● **Exercise goal**
Copy all of the data that follows without altering a word.

═══

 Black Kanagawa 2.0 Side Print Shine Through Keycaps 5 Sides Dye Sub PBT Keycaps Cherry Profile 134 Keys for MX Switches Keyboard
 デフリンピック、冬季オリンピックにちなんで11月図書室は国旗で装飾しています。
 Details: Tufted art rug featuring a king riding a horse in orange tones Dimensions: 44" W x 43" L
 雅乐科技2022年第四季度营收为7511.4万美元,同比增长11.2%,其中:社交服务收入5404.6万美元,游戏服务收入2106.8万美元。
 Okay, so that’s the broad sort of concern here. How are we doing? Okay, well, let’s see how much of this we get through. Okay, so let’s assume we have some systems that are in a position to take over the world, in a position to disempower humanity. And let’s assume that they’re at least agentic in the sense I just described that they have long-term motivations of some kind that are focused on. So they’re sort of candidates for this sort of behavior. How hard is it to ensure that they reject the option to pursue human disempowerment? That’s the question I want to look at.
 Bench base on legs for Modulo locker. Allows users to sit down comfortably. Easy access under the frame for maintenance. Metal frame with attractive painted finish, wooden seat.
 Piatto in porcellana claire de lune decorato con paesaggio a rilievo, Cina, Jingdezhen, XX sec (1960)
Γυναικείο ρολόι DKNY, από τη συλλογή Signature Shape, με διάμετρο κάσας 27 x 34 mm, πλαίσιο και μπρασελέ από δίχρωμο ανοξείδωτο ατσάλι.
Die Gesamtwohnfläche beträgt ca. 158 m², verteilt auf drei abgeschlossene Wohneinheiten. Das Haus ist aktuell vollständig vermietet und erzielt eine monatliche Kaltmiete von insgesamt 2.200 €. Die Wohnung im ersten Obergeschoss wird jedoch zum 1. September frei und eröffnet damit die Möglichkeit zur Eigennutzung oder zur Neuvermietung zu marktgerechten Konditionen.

═══

● **Response**
 Black Kanagawa 2.0 Side Print Shine Through Keycaps 5 Sides Dye Sub PBT Keycaps Cherry Profile 134 Keys for MX Switches Keyboard
 デフリンピック、冬季オリンピックにちなんで11月図書室は国旗で装飾しています。
 Details: Tufted art rug featuring a king riding a horse in orange tones Dimensions: 44" W x 43" L
 雅乐科技2022年第四季度营收为7511.4万美元,同比增长11.2%,其中:社交服务收入5404.6万美元,游戏服务收入2106.8万美元。
 Okay, so that’s the broad sort of concern here. How are we doing? Okay, well, let’s see how much of this we get through. Okay, so let’s assume we have some systems that are in a position to take over the world, in a position to disempower humanity. And let’s assume that they’re at least agentic in the sense I just described that they have long-term motivations of some kind that are focused on. So they’re sort of candidates for this sort of behavior. How hard is it to ensure that they reject the option to pursue human disempowerment? That’s the question I want to look at.
 Bench base on legs for Modulo locker. Allows users to sit down comfortably. Easy access under the frame for maintenance. Metal frame with attractive painted finish, wooden seat.
 Piatto in porcellana claire de lune decorato con paesaggio a rilievo, Cina, Jingdezhen, XX sec (1960)
Γυναικείο ρολόι DKNY, από τη συλλογή Signature Shape, με διάμετρο κάσας 27 x 34 mm, πλαίσιο και μπρασελέ από δίχρωμο ανοξείδωτο ατσάλι.
Die Gesamtwohnfläche beträgt ca. 158 m², verteilt auf drei abgeschlossene Wohneinheiten. Das Haus ist aktuell vollständig vermietet und erzielt eine monatliche Kaltmiete von insgesamt 2.200 €. Die Wohnung im ersten Obergeschoss wird jedoch zum 1. September frei und eröffnet damit die Möglichkeit zur Eigennutzung oder zur Neuvermietung zu marktgerechten Konditionen.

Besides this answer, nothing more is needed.